In contrast, a comprehensive retrieval was conducted, and strict criteria of inclusion and exclusion were set in our study. More importantly, we enrolled some recently published research and performed subgroup analysis in order to improve the methodology and strengthen the stability of the results. Also, we performed subgroup analysis according to different treatments of rising white blood cells and performed meta-regression and sensitivity analysis for the clinical outcomes with more considerable heterogeneity to find the source of heterogeneity, while we did not find it. But we discovered that outcomes with significant heterogeneity were obtained for the reason that there were few studies included (CD3+, CD4+, ORR, DCR, etc.). It might reduce heterogeneity test efficiency in meta-analysis. Besides, some clinical outcomes (platelet counts, hemoglobin counts, etc.) could usually be exaggerated statistical variations when evaluated as measurement data due to a larger range of average clinical values. So we speculated that the results of studies which showed the heterogeneity in statistics might be related to the clinical heterogeneity. It meant that different illness degrees (specific white blood cell counts) and other different clinical features (tumor types, pathological stages, etc.) might be one of the sources of heterogeneity in meta-analysis.

4.3 Limitations

Several limitations still exist in our study. First, only 8 of 41 literatures reported specific randomized methods. As the years of publication for some original studies were too early, and many studies did not report the use of allocation concealment and blinding, their quality was not high.

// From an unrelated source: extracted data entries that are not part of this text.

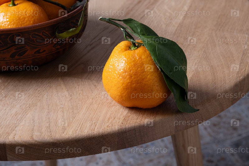 На столе лежат несколько спелых мандаринов с листьями. Селективный фокус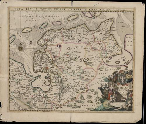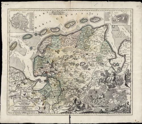 Landkaart met kleur van Oost-Friesland door Carel Al...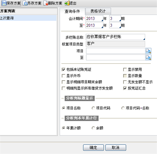 例如:应收账款设置了“客户”辅助核算,使用多栏账查询,可以以应收账款、客户为分析对象进行查询。

However, this study aimed to discuss the effect of the Diyu Shengbai tablet on leukopenia. We chose objective outcomes of clinical laboratories, such as WBC counts and NEUT counts, with little influence from allocation concealment and blinding. Second, although the white blood cell counts of patients at the time of enrollment have been divided into preventive medication and therapeutic medication, there are still some differences in the white blood cell counts among the included studies. Third, the heterogeneity among studies could not be neglected owing to different interventions, drug doses, and therapy time applied to patients with different WBC levels in each trial. In our research, we conducted a subgroup analysis to diminish the heterogeneity to some extent. Finally, as for adverse events, due to the limited follow-up time of included studies and unstandardized reports of some research, no definite conclusions can be drawn about the adverse reactions of DYT.

5 Conclusion

DYT do have positive effect on preventing and treating leukopenia caused by radiotherapy and chemotherapy against malignant tumor. Its efficacy is superior to Leucogen tablets and Batilol tablets, and the application amount of G-CSF can also be diminished while using it. For some clinical outcomes, larger sample size and well-designed randomized controlled trials were still needed to validate our conclusions further. Some of the literatures we screened were published too early, and the average quality and numbers of included literatures were limited.